IMAG e ANIMAG promoveram ciclo de encontros digitais com ampla participação. Presidente da Comissão Episcopal Missão e Nova Evangelização pede que se acabe com «autoreferencialidade» e «clericalismo»

Lisboa, 31 out 2020 (Ecclesia) – Os Institutos Missionários Ad Gentes (IMAG) vão organizar mais uma conferência no ciclo dedicado ao Outubro Missionário, com o tema «A falta que um rosto faz…», marcada para 5 novembro, onde vão juntar diversos testemunhos de missão.

“A intenção é colocar os rostos em frente uns dos outros, em partilha missionária, dando o seu contributo para a reflexão. O programa será estruturado em trabalho de grupos e plenário, onde serão apresentados alguns pontos concretos pertinentes para a «imaginação do possível» nestes tempos de pandemia”, apresenta um comunicado enviado à Agência ECCLESIA, pelos IMAG e pelos animadores dos IMAG.

Ao longo de outubro os missionários assinalaram este mês missionário com um ciclo de conferências onde diferentes convidados foram desenvolvendo a sua reflexão em tono do tema do rosto, que a pandemia do Covid-19 veio a desafiar encarar de forma diferente.

D. António Couto abriu o ciclo com uma reflexão em torno de «De “eu” para “eis-me”».

“D. António Couto refletiu sobre a responsabilidade pelo outro, os rostos dos outros como autênticas lições de humanidade. Um rosto suplicante, lacrimejante, pleno de existência, que leva a agir, a ter consciência de que a missão é «a Igreja a fazer-se» e a dizer, convictamente, «eis-me aqui, ao teu serviço»”, indica o comunicado.

A segunda conferência, com a autora e encenadora Matilde Trocado como convidada, indicou o “mundo das «expressões da proximidade» da arte”, levando os participantes a “um encontro com o inexplicável sublime, uma forma de tocar o transcendente e um véu através do qual temos um vislumbre do rosto de Deus”.

Rita Valadas, licenciada em Política Social, foi a terceira convidada do ciclo, desafiou às relações criadas entre “o outro” e “eu”.

“Colocou «o outro diante de mim», em género de jogo de espelhos entre «eu», o «outro» e «nós». Rostos interpeladores, que remetem para a obra que cada um representa. A simbiose do cuidador com o outro, que se torna, ele próprio, meu cuidador; o encontro com o rosto do outro que gera relação: o outro diante de mim que se transforma em «nós»”, indica.

Juan Ambrósio, docente da Faculdade de Teologia na Universidade Católica Portuguesa, convidou os participantes a “«desmascarar a missão»”, desafiando a “tirar a máscara para buscar traços que caracterizem a missão” dos tempos atuais.

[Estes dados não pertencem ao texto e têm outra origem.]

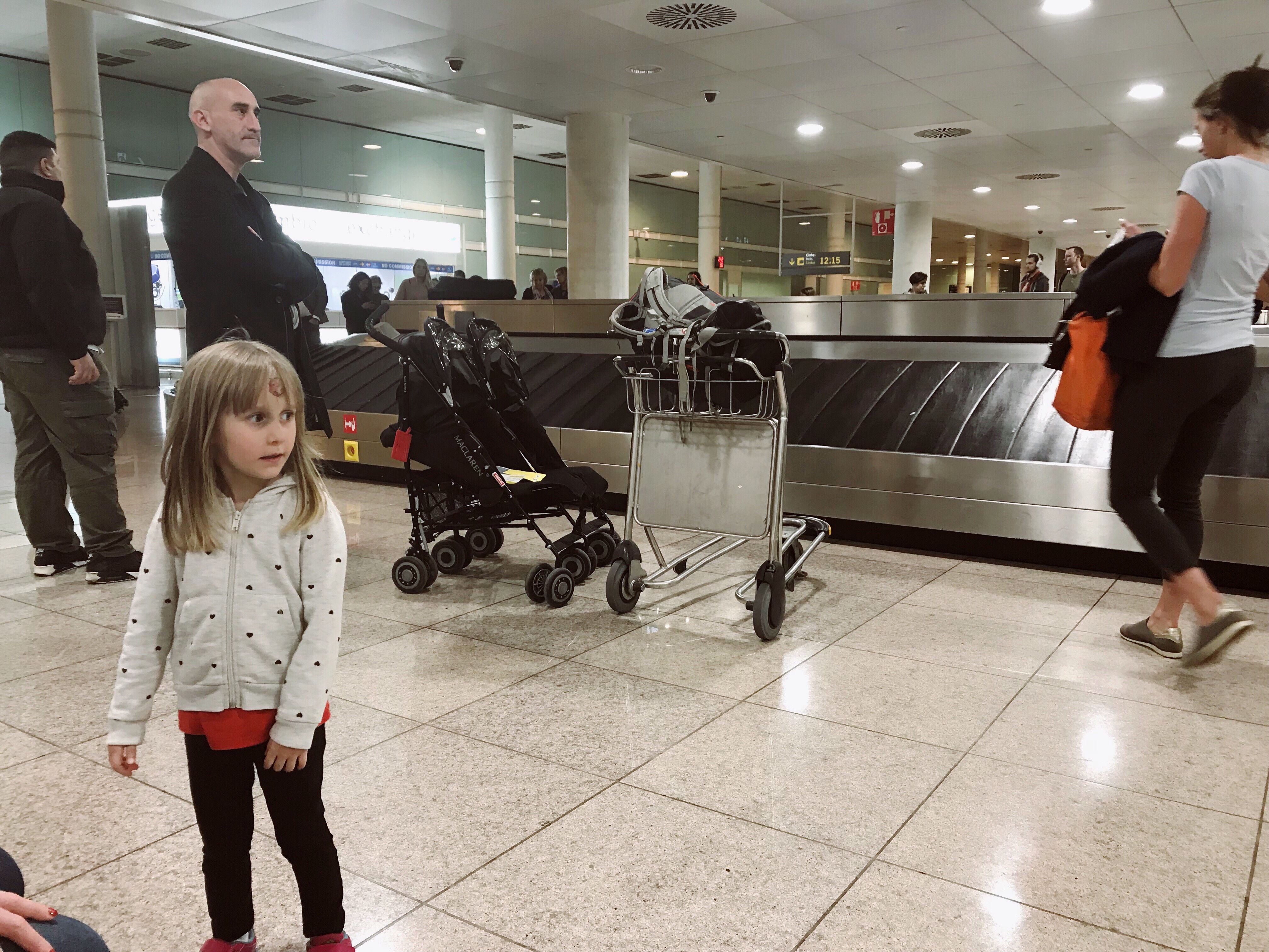 I Barcelona tar det ofta ganska lång tid innan bagaget kommer, speciellt eftersom vagnen ofta kommer till ett annat band som specialbagage. Men vid det här laget är jag bara så lycklig över att ha landat och vara välbehållen att jag har överseende med det mesta. Här igen var det också så enkelt när vi var tre. Edu lyfte bagaget från vagnen, jag bar på Hjalmar och vaktade väskorna och Hanna sprang på toa med Juni. Det är när jag är ensam och ska göra alla tre grejer på samma gång som de är klurigare.

“A descoberta da cor dos olhos de Deus a partir do encontro com os olhos do outro. Será aí que se experimenta a Igreja na sua relação com missão e comunhão, observando o centro a partir da periferia e conscientes de que a nossa resposta deverá ser um verdadeiro e desmascarado «eis-me aqui, envia-me» (Is 6,8)”, indica o comunicado.

O ciclo encerrou na última quinta-feira com a reflexão de D. José Tolentino Mendonça que indicou que a pandemia é terra de missão.

D. Armando Esteves Domingues, presidente da Comissão Episcopal Missão e Nova Evangelização, afirmou na quinta conferencia do ciclo a importância de “mudar o estilo” de missão, “converter o Evangelho em migalhas, mostrando-o como exemplos, correr com clericalismos e auto referencialidade”.

“Gostaria de uma evangelização feita com todos e para todos. Temos demasiados especialistas que afugentam quem sabe pouco, os que não fazem nada, os que não encontram lugar na Igreja para se envolver no apostolado, portanto gostaria que fosse uma missão com todos e para todos”, afirmou o também bispo auxiliar do Porto.